_Record extracts_
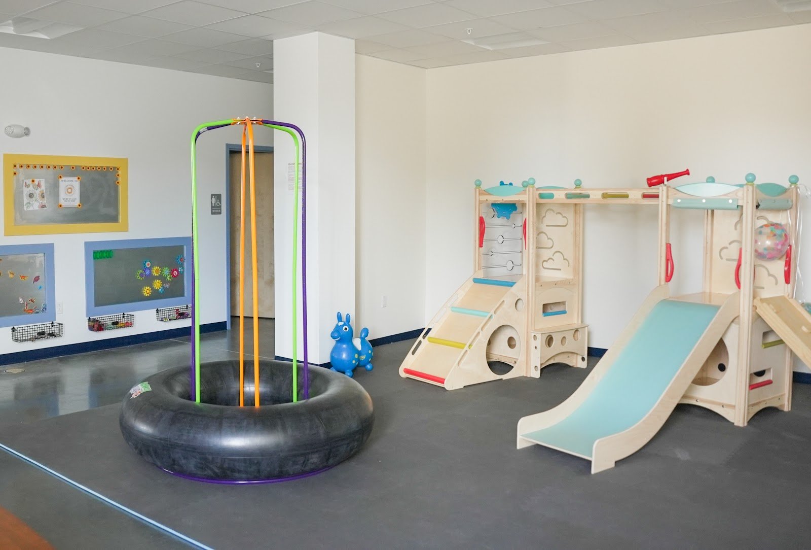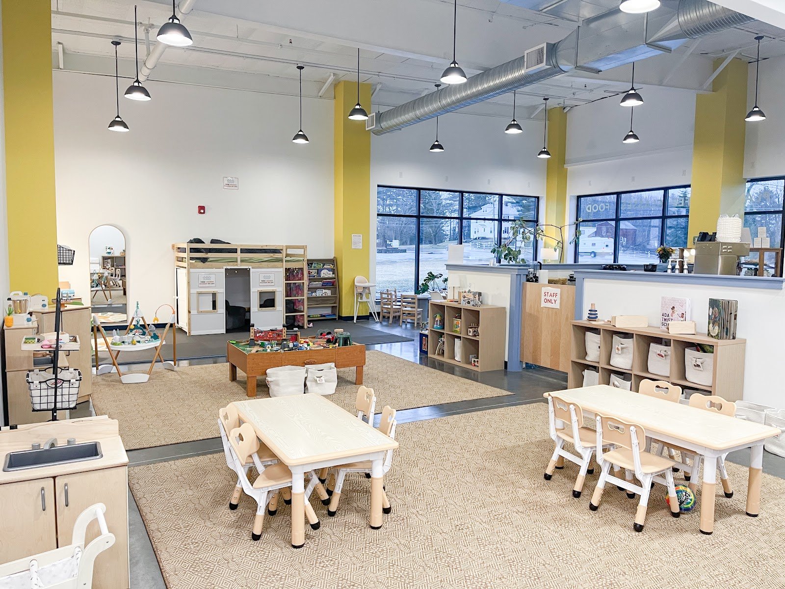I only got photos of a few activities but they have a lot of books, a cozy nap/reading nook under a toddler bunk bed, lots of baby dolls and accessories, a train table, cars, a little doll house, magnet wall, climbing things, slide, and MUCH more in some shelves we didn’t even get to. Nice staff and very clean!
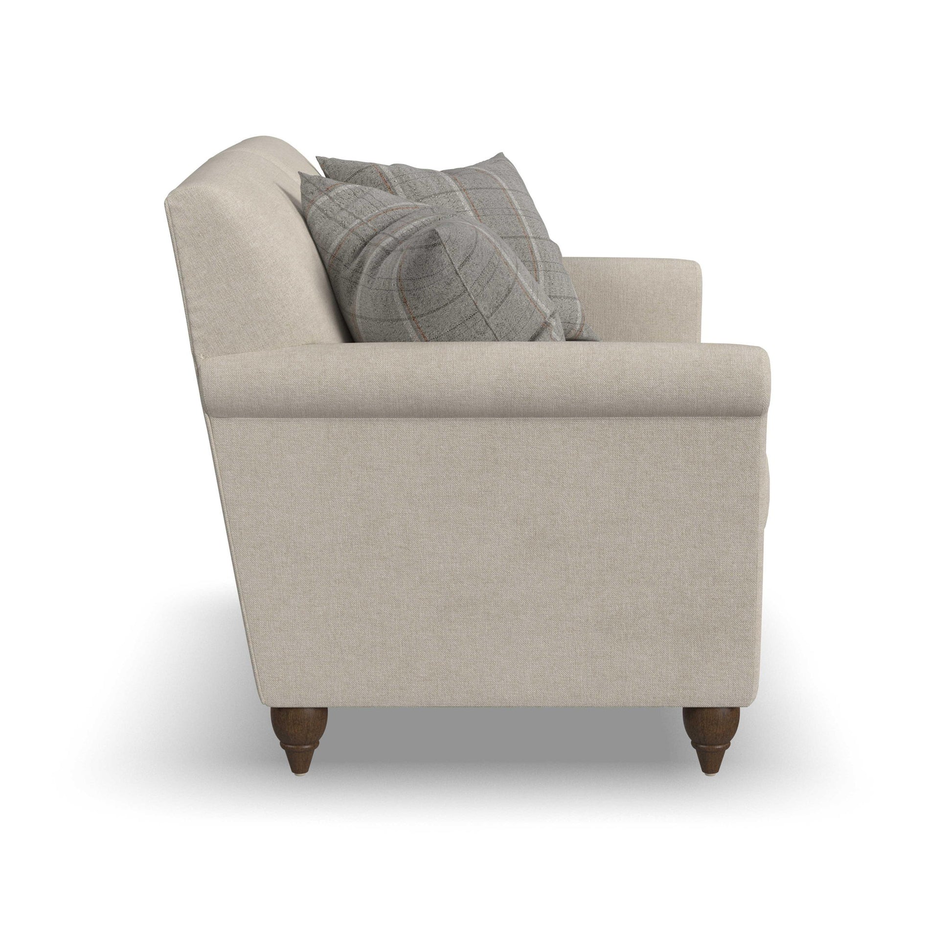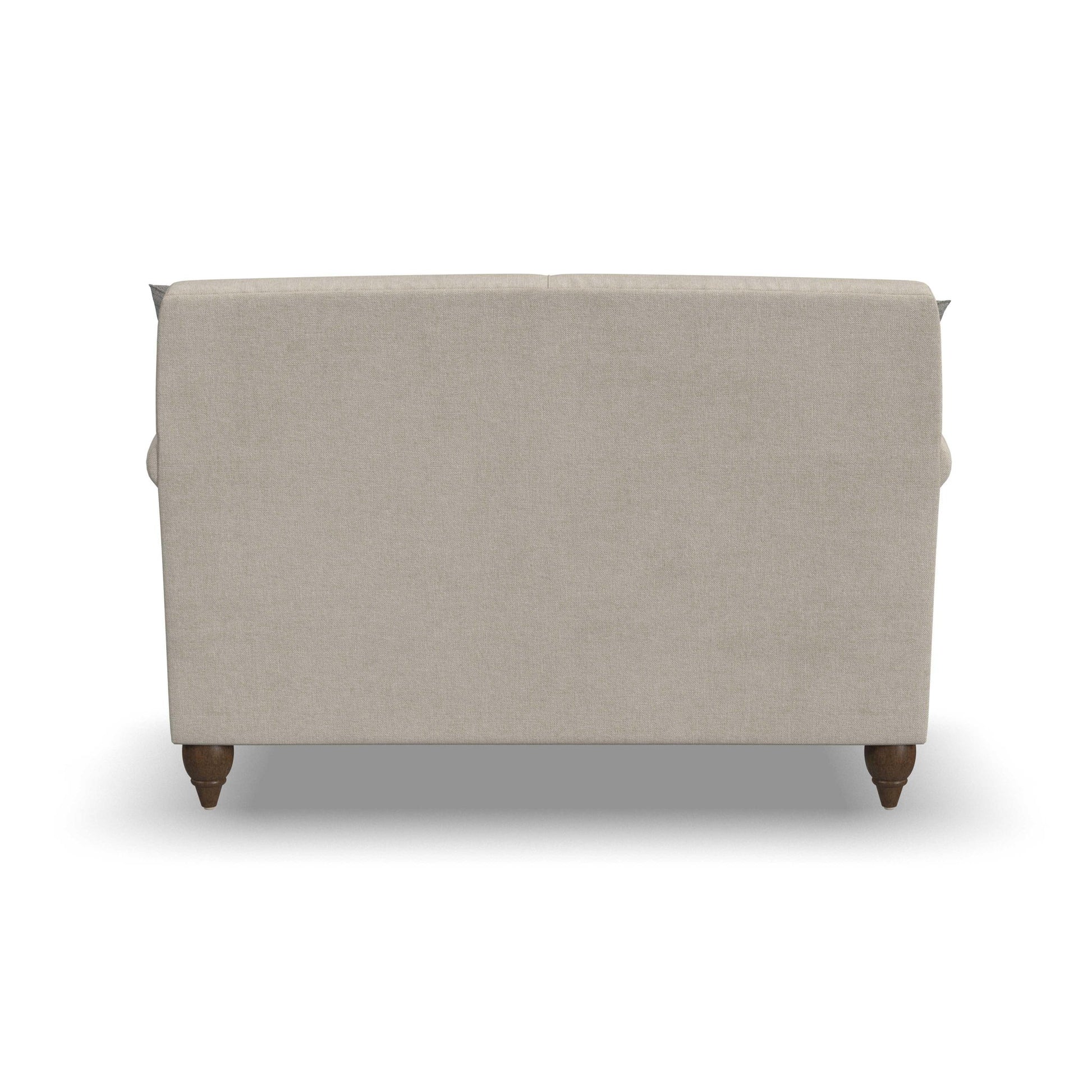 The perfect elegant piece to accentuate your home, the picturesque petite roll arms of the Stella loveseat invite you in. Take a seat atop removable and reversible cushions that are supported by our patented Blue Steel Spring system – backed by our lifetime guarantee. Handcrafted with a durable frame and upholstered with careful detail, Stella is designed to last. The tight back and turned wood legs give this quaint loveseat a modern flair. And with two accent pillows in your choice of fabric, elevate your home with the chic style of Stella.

* * *

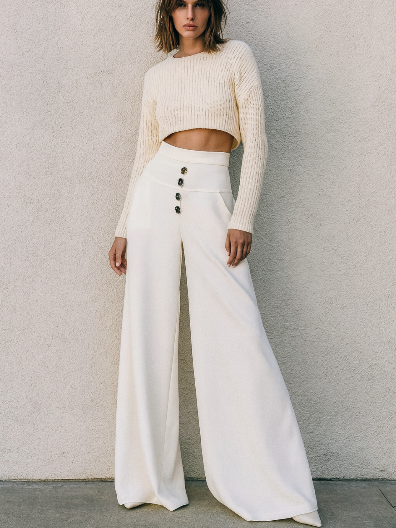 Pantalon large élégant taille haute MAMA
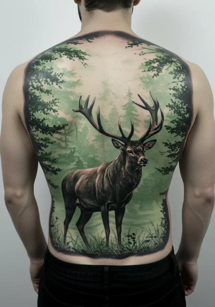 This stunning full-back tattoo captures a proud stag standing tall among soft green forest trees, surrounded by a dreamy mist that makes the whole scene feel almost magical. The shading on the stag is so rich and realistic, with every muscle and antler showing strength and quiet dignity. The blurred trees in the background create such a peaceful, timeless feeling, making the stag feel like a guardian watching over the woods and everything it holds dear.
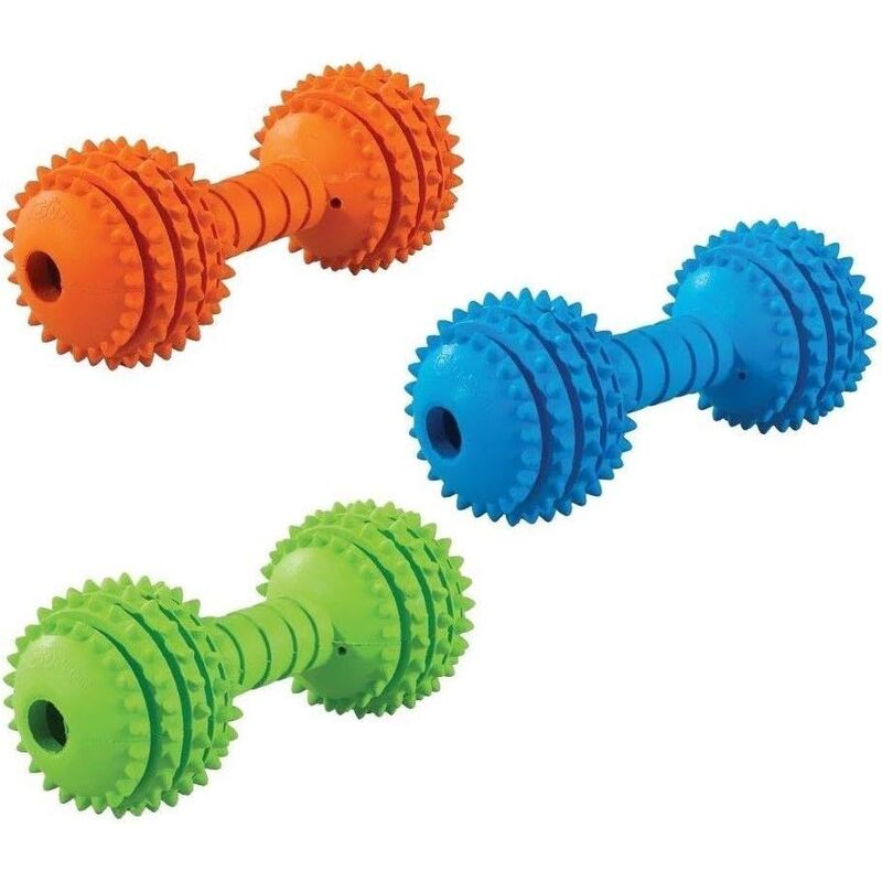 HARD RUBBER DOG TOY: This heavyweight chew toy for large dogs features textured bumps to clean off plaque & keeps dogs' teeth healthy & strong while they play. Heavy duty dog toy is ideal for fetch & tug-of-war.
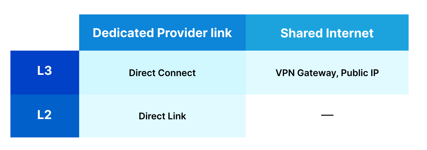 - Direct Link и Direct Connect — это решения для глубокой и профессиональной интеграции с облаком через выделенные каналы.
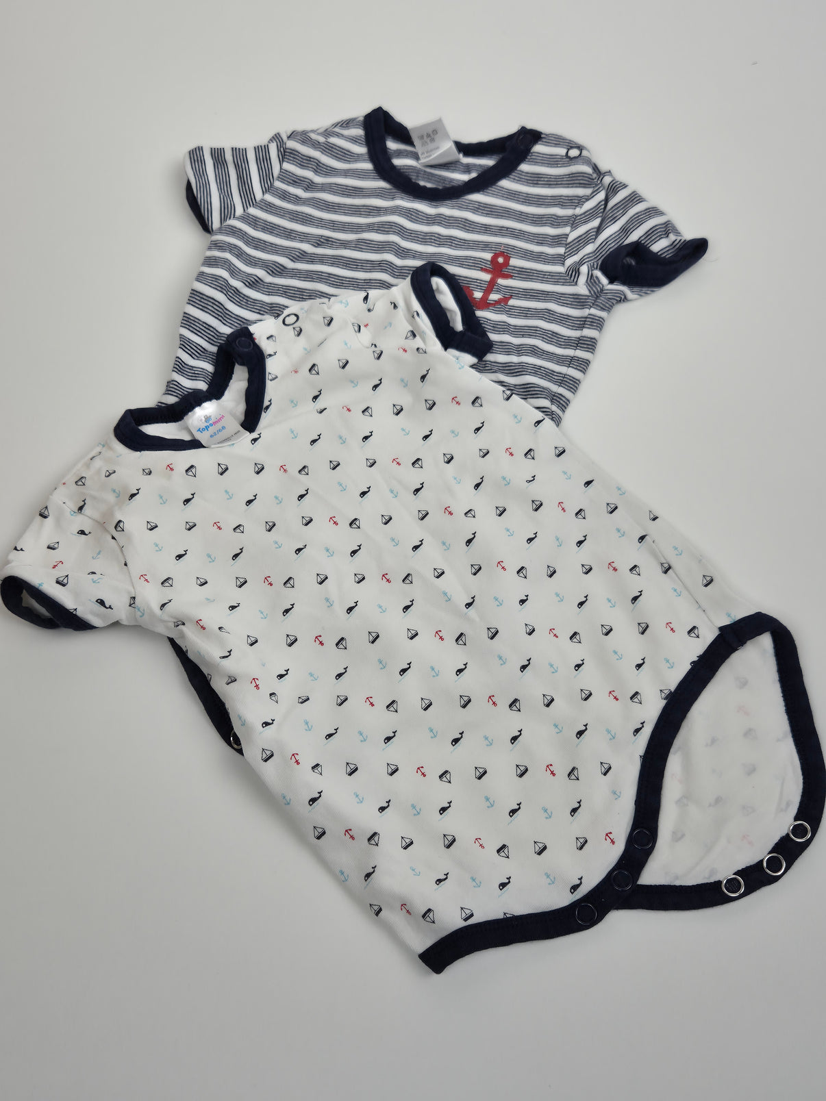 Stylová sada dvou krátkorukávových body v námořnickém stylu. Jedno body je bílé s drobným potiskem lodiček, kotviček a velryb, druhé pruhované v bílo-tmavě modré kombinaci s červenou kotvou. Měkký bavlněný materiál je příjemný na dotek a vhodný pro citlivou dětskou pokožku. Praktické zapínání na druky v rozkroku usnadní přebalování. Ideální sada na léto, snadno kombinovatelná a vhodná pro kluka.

==

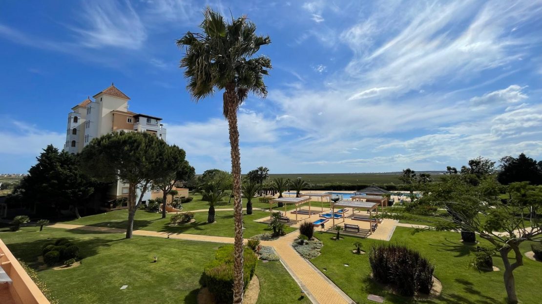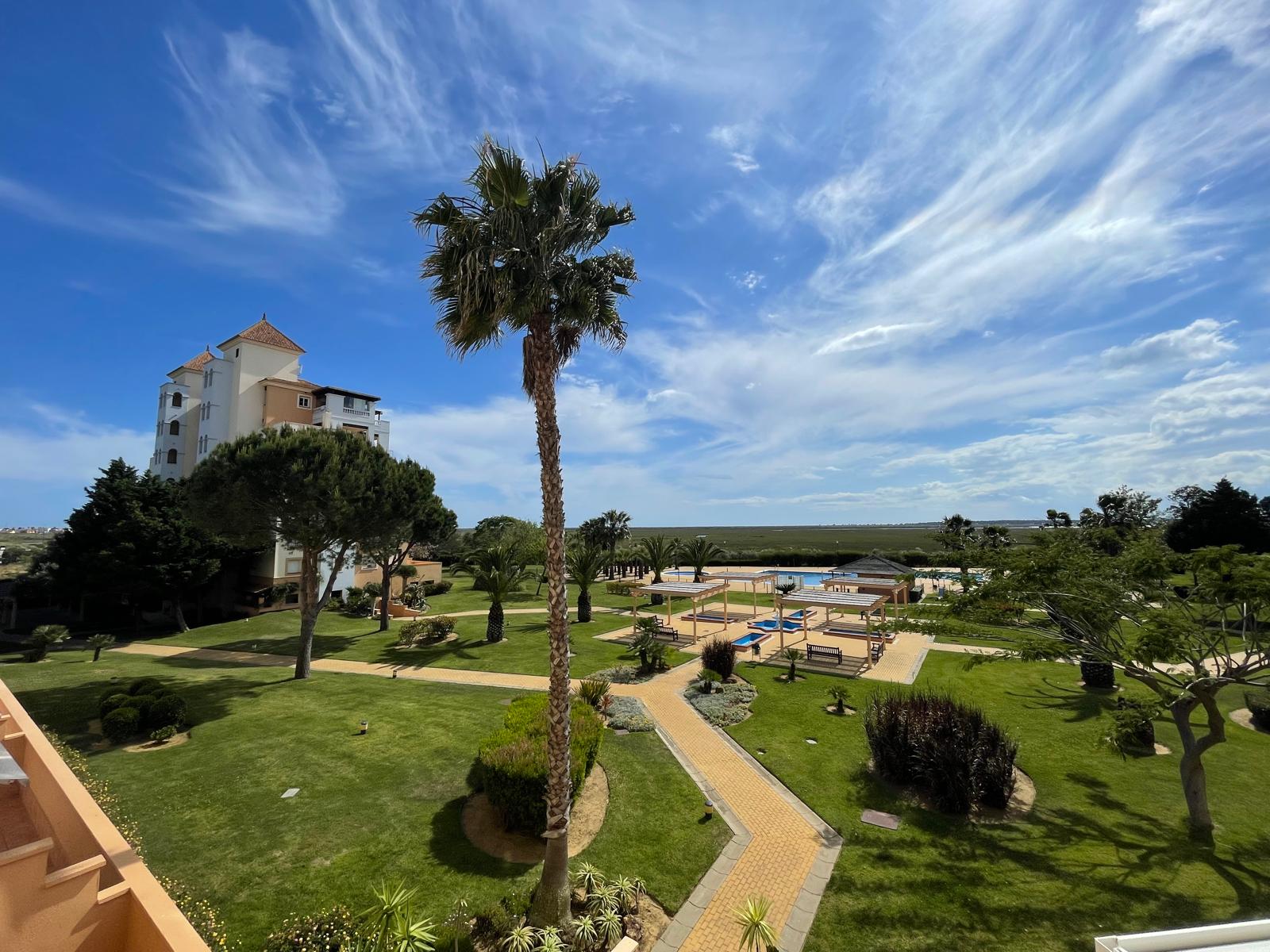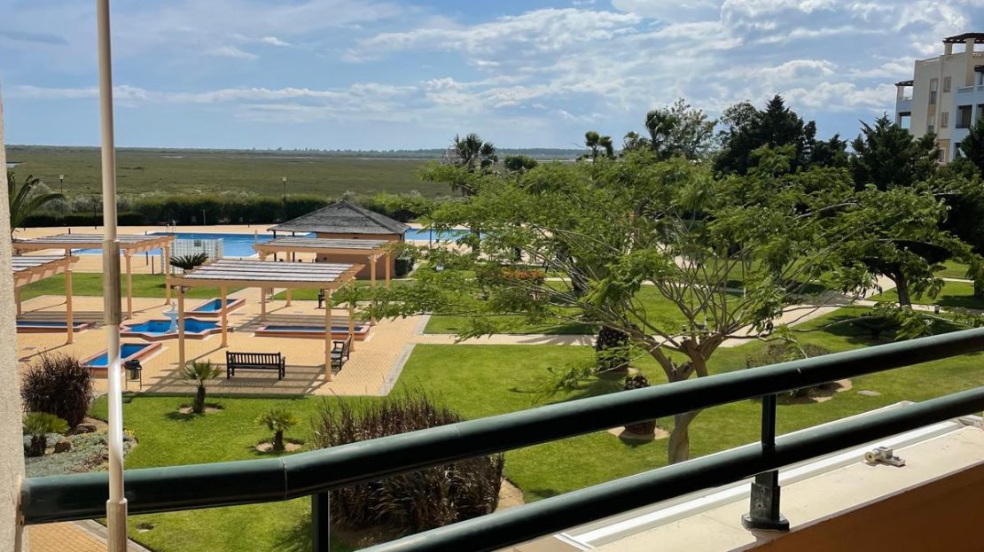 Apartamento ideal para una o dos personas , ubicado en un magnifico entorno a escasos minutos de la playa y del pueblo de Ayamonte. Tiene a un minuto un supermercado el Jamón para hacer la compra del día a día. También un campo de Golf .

_Exercise instructions_
In the entries above, every line from the line with "- Direct Link" to the line with "Stylová sada dvou" is to be printed exactly, with both ends included and pictures excluded.

_Task output_
 - Direct Link и Direct Connect — это решения для глубокой и профессиональной интеграции с облаком через выделенные каналы.
 Stylová sada dvou krátkorukávových body v námořnickém stylu. Jedno body je bílé s drobným potiskem lodiček, kotviček a velryb, druhé pruhované v bílo-tmavě modré kombinaci s červenou kotvou. Měkký bavlněný materiál je příjemný na dotek a vhodný pro citlivou dětskou pokožku. Praktické zapínání na druky v rozkroku usnadní přebalování. Ideální sada na léto, snadno kombinovatelná a vhodná pro kluka.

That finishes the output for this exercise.